Why Internet Archive?

  • Comprehensive catalog: ~13,000 Grateful Dead recordings
  • High-quality audio: FLAC, MP3, OGG formats available
  • Rich metadata: Venue, date, taper, lineage information
  • User reviews: Community ratings and notes
  • Free access: No API keys or rate limits (reasonable usage)
  • Stable URLs: Predictable URL structure for streaming

Architecture

The API integration follows a three-layer architecture that separates concerns and enables testability:

Service Layer (Business Interface)
    ↓
Mapper Layer (Transform API ↔ Domain)
    ↓
API Client Layer (HTTP Communication)

Layer Responsibilities

1. Service Layer

Purpose: Provide business-level API for features to consume.

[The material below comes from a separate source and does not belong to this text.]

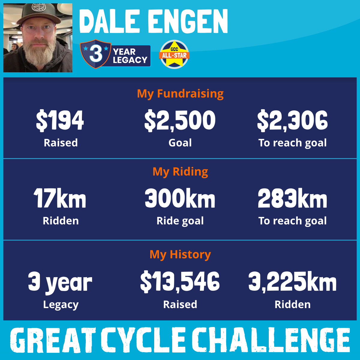 1,006 km Ridden$4,256 Raised2021
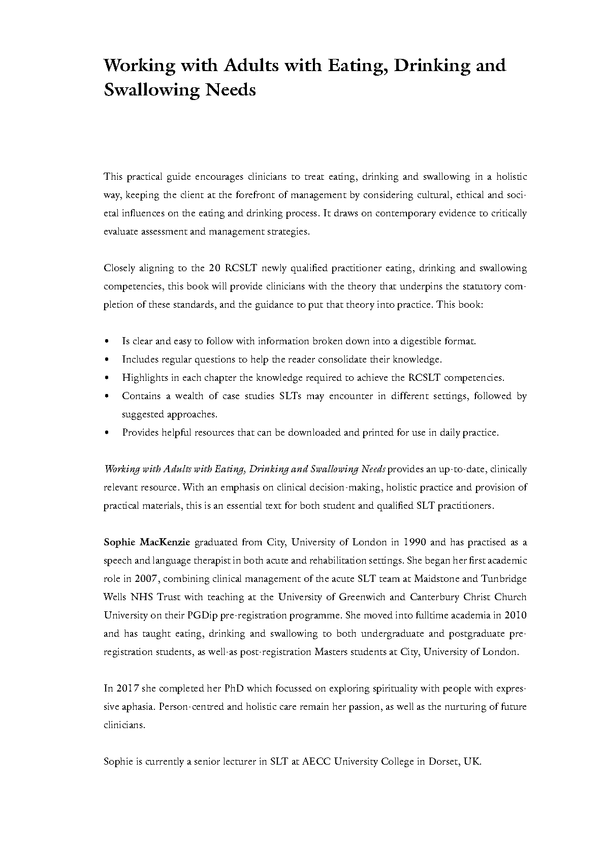 Working with Adults with Eating, Drinking and Swallowing Needs, 1st Edition by Sophie Mackenzie | 2025/2026 Exam Prep Guide for First-Attempt Success

Responsibilities: - Expose clean domain models (not API response structures) - Handle caching strategy - Provide Result-based error handling - Return reactive streams of data

Interface Example:

interface ArchiveService {
    suspend fun getRecordingMetadata(recordingId: String): Result<RecordingMetadata>
    suspend fun getRecordingTracks(recordingId: String): Result<List<Track>>
    suspend fun getRecordingReviews(recordingId: String): Result<List<Review>>
}

Why: Features shouldn't need to know about HTTP, JSON parsing, or caching—just business operations.

2. Mapper Layer

Purpose: Transform between API formats and domain models.

Responsibilities: - Convert API responses → domain models - Handle inconsistent API data formats - Extract meaningful data from complex structures - Provide sensible defaults for missing fields

Why: API responses often don't match internal data models. Separation allows changing either without affecting the other.

3. API Client Layer

Purpose: Define HTTP endpoints and handle network communication.

Responsibilities: - Define API endpoints - Serialize/deserialize JSON - Make HTTP requests - Return raw API responses

Why: Isolates network concerns from business logic. Easily mockable for testing.

API Endpoints

Get Recording Metadata

The primary endpoint fetches complete information about a specific recording.

Endpoint: GET /metadata/{identifier}

Parameters: - identifier - Archive.org item identifier (e.g., gd1977-05-08.sbd.miller.97065)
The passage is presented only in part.